**INFORMATION GIVEN:**
# # # #

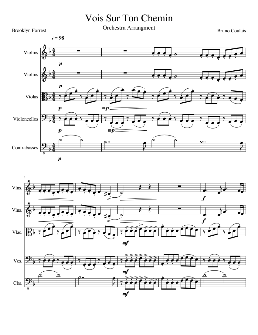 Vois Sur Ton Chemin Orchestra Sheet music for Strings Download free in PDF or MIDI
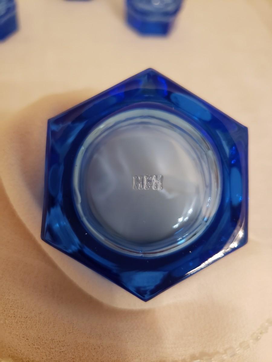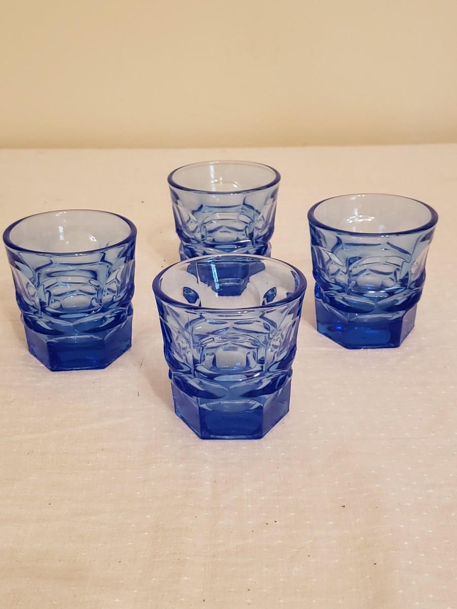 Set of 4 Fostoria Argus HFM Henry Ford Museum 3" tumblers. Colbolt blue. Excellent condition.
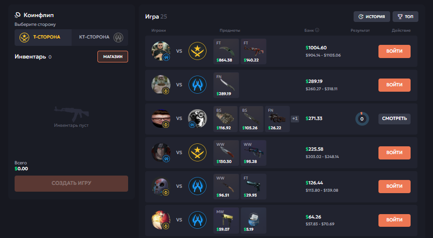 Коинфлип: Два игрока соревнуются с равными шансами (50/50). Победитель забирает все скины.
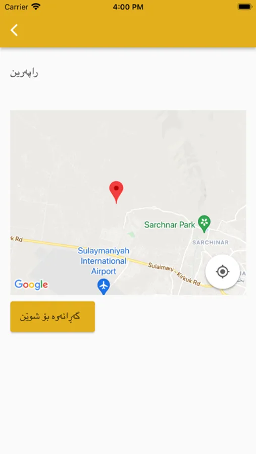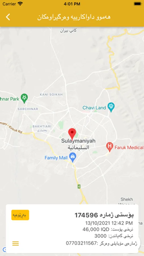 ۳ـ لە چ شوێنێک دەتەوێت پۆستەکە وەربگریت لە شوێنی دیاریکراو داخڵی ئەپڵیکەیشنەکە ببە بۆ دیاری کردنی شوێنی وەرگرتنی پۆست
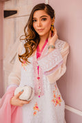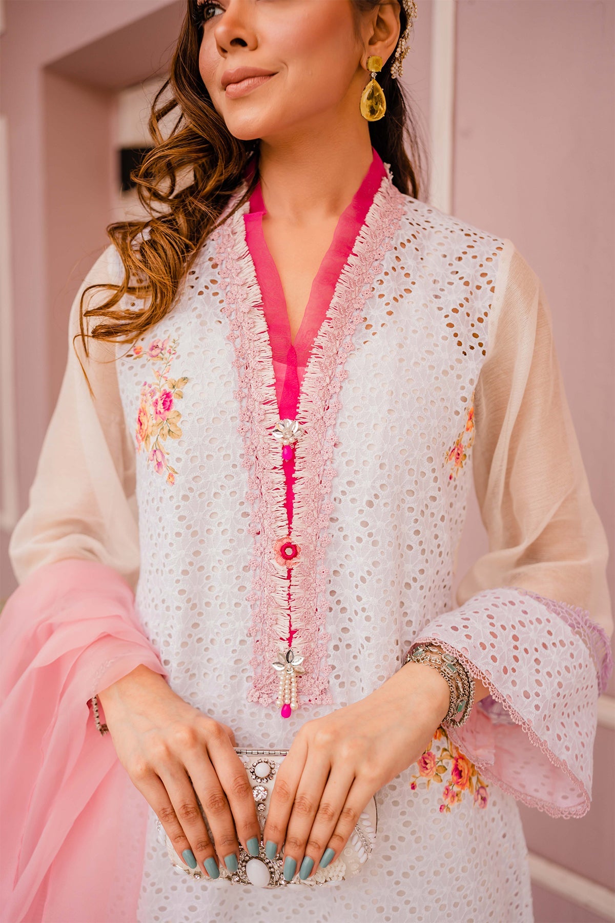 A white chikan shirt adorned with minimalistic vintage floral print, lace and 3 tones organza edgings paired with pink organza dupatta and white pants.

# # # #

**ABOUT THIS EXERCISE:** Please reproduce, word for word, only the lines from the line that holds "Set of 4 Fostoria" through the final line of the entries above, omitting any pictures.

**COMPLETED TASK:**
 Set of 4 Fostoria Argus HFM Henry Ford Museum 3" tumblers. Colbolt blue. Excellent condition.
 Коинфлип: Два игрока соревнуются с равными шансами (50/50). Победитель забирает все скины.
 ۳ـ لە چ شوێنێک دەتەوێت پۆستەکە وەربگریت لە شوێنی دیاریکراو داخڵی ئەپڵیکەیشنەکە ببە بۆ دیاری کردنی شوێنی وەرگرتنی پۆست
 A white chikan shirt adorned with minimalistic vintage floral print, lace and 3 tones organza edgings paired with pink organza dupatta and white pants.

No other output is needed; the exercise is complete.